I remember a hatchet incident when I was a kid in upstate New York. A boy who lived nearby chopped down a neighbor’s dogwood sapling with a hatchet. This was an especially serious act of vandalism, since dogwood trees were protected by law.

Not the brightest kid on the block, he did so while the lady of the house was home; she heard the chopping, looked out the window, and recognized him.  When confronted, however, the boy’s mother said, “It couldn’t have been my son. He told me he didn’t do it, and he doesn’t lie.” 

I’ve often wondered if that kid is in politics now.  He’d be a natural…

5 thoughts on “Of cutting trees and the truths we cannot handle

  1. I think the last president who attempted to tell us truths we could not handle was Carter. I was too young to remember much of his presidency, but obviously Americans were only too happy to vote in someone else who was willing to tell them what they wanted to hear, that it’s always “Morning in America.”

    But I think the last president in this country who wielded any real power to change anything much was JFK. Have a look at his last speech before the UN, given just a couple months before he was assassinated.

    http://www.presidency.ucsb.edu/ws/?pid=9416

    His stance on rapprochement with the Soviets (he actually wanted to cooperate with them on a moonshot, which would have meant sharing knowledge about ICBM technology) and de-escalating the war in Vietnam, were an existential threat to the survival of the military-industrial complex that his predecessor Eisenhower warned of. .
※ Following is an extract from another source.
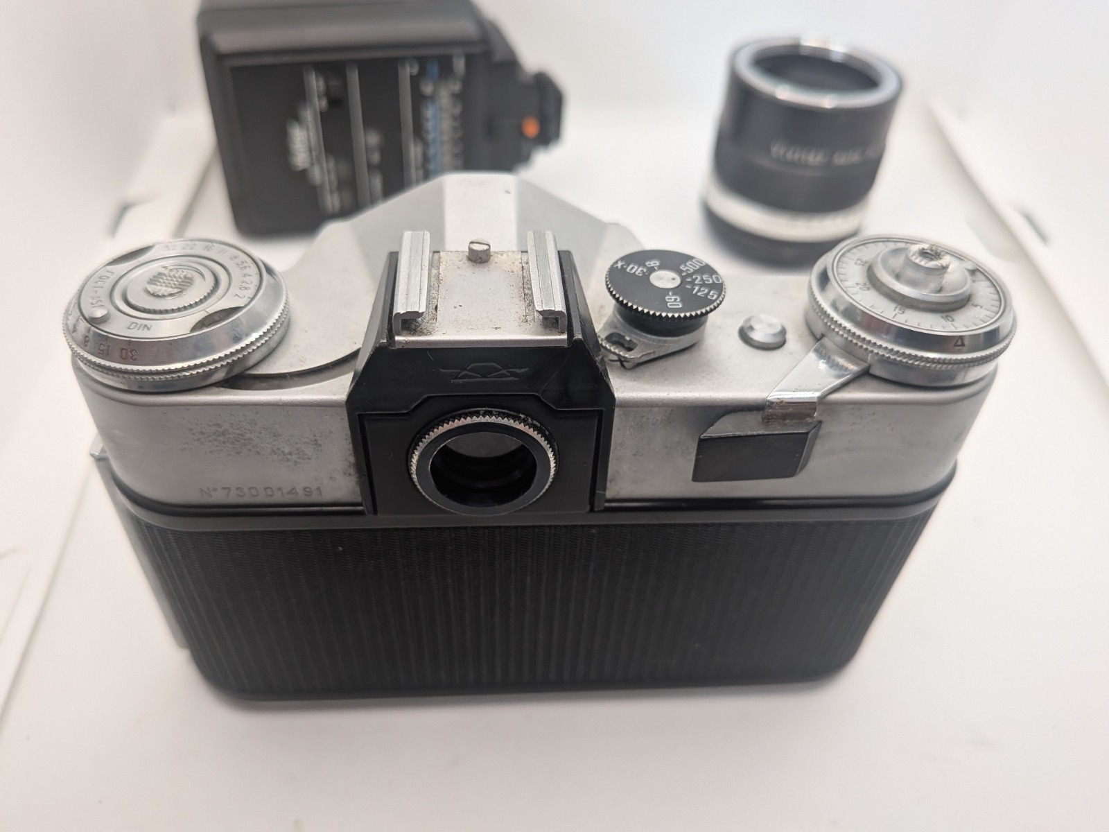 как выглядит Kalimar SR200 Zenit E Camera with Industar 50-2 50mm F3.5 W/ Flash Teleconverter фото

    Perhaps the best analysis of the way government really works these days that I’ve read recently is Mike Lofstrom’s “Anatomy of the Deep State,” on Bill Moyers’ site.
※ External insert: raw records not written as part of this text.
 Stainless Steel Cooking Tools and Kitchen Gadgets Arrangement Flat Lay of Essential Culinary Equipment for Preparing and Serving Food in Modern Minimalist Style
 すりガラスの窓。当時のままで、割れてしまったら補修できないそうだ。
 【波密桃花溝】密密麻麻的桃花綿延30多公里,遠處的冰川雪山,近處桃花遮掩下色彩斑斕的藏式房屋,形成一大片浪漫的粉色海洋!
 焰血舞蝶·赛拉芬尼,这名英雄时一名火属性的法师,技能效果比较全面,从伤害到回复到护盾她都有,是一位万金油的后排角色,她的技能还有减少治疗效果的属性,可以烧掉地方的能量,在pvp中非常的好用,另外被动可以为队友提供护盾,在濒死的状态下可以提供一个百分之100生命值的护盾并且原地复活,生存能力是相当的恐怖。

    http://billmoyers.com/2014/02/21/anatomy-of-the-deep-state/

    Like

    • I couldn’t agree with you more on Carter. And it was on Moyer’s site that I discovered the writings of Andrew Bacevich, who gives this quote by Carter in The Limits of Power: The End of American Exceptionalism: “In a nation that was proud of hard work, strong families, close-knit communities and our faith in God…too many of us now tend to worship self-indulgence and consumption. Human identity is no longer defined by what one does, but by what one owns. But we’ve…learned that piling up material goods cannot fill the emptiness of lives which have no confidence or purpose.”

      I think in many ways, Johnson held more power than Kennedy. I say this, having watched the PBS presentation on his presidency this week. Johnson got civil rights legislation passed, medicare, educational initiatives, and he really wanted to wage a war on poverty. Vietnam, sank all that, doomed his presidency, and the New Deal ethos he tried to embody.

      Thanks for the Loftstrom link. I’ve heard of that book and will look it up.

      Like

  2. I agree about Johnson. He was certainly the last New Deal Democrat to occupy The White House, and he knew how to use the bully pulpit to get things done in congress. It really makes you wonder though, why he put so much into Vietnam. The domino theory and all the nonsense about containing communism in Southeast Asia don’t begin to explain it.

    I’ll be sure to check out Bacevich’s writings. His name sounds very familiar. I think I might have heard him on a podcast or interview somewhere.